╭──

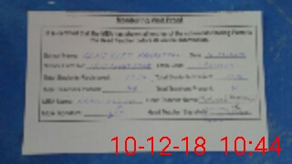 | Attendance Register | Head Teacher | MEA with School | Visit Proof |
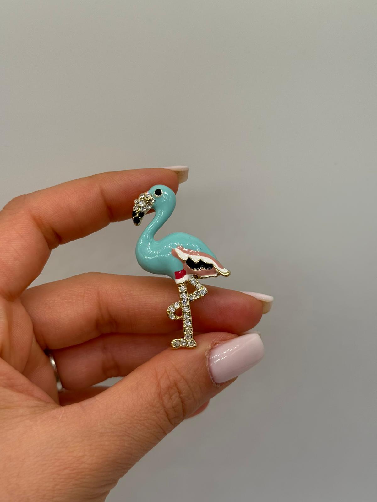 Zarif duruşu ve pastel tonlarıyla öne çıkan bu flamingo figürlü broş, stilinize neşeli ama sofistike bir dokunuş katıyor. Parlak mint yeşili mine kaplama gövdesi, pembe ve siyah detaylarla dengelenirken; kristal taşlarla süslenmiş bacak ve baş kısmı tasarıma ışıltılı bir zarafet kazandırıyor.
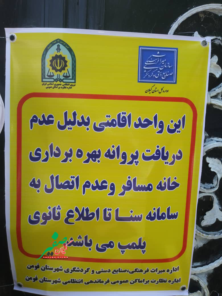 مسئول دفاتر اطلاع رسانی و خانه مسافرهای غرب گیلان با اعلام این خبر افزود: «با توجه به تذکر مکرر و پلمپ واحدهای اقامتی غیرمجاز  شهرستان فومن در هفته گذشته متاسفانه، افرادی مجددا مسافر پذیرش می‌کردند که در چند روز گذشته این واحدها توسط میراث‌فرهنگی و نیروی انتظامی شناسایی و پلمپ شدند.»
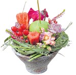 Material: Wasserundurchlässiger Topf mit Steckschwamm Und so wird es gemacht: 1. Aus Gräsern wird passend zum Gefäß ein kleiner Kranz geformt. Er gibt uns einen perfekten Abschluss und es muss fast kein Schwamm mehr abgedeckt werden. | 2. Die Mitte mit einigen Blättern und etwas Moos abdecken. | 3. Anschließend zuerst den Apfel mit einem Zahnstocher anpieksen und in der Mitte platzieren. | 4. Hagebutten, Physalis, und Erika sowie einige Blüten aus dem Garten um den Apfel herum in den Schwamm stecken. Und schon ist das Beerengesteck fertig!

╰──

▶ [What the task asks]: All of the material above is to be retyped exactly, with no pictures included.

▶ [Exercise result]:
 | Attendance Register | Head Teacher | MEA with School | Visit Proof |
 Zarif duruşu ve pastel tonlarıyla öne çıkan bu flamingo figürlü broş, stilinize neşeli ama sofistike bir dokunuş katıyor. Parlak mint yeşili mine kaplama gövdesi, pembe ve siyah detaylarla dengelenirken; kristal taşlarla süslenmiş bacak ve baş kısmı tasarıma ışıltılı bir zarafet kazandırıyor.
 مسئول دفاتر اطلاع رسانی و خانه مسافرهای غرب گیلان با اعلام این خبر افزود: «با توجه به تذکر مکرر و پلمپ واحدهای اقامتی غیرمجاز  شهرستان فومن در هفته گذشته متاسفانه، افرادی مجددا مسافر پذیرش می‌کردند که در چند روز گذشته این واحدها توسط میراث‌فرهنگی و نیروی انتظامی شناسایی و پلمپ شدند.»
 Material: Wasserundurchlässiger Topf mit Steckschwamm Und so wird es gemacht: 1. Aus Gräsern wird passend zum Gefäß ein kleiner Kranz geformt. Er gibt uns einen perfekten Abschluss und es muss fast kein Schwamm mehr abgedeckt werden. | 2. Die Mitte mit einigen Blättern und etwas Moos abdecken. | 3. Anschließend zuerst den Apfel mit einem Zahnstocher anpieksen und in der Mitte platzieren. | 4. Hagebutten, Physalis, und Erika sowie einige Blüten aus dem Garten um den Apfel herum in den Schwamm stecken. Und schon ist das Beerengesteck fertig!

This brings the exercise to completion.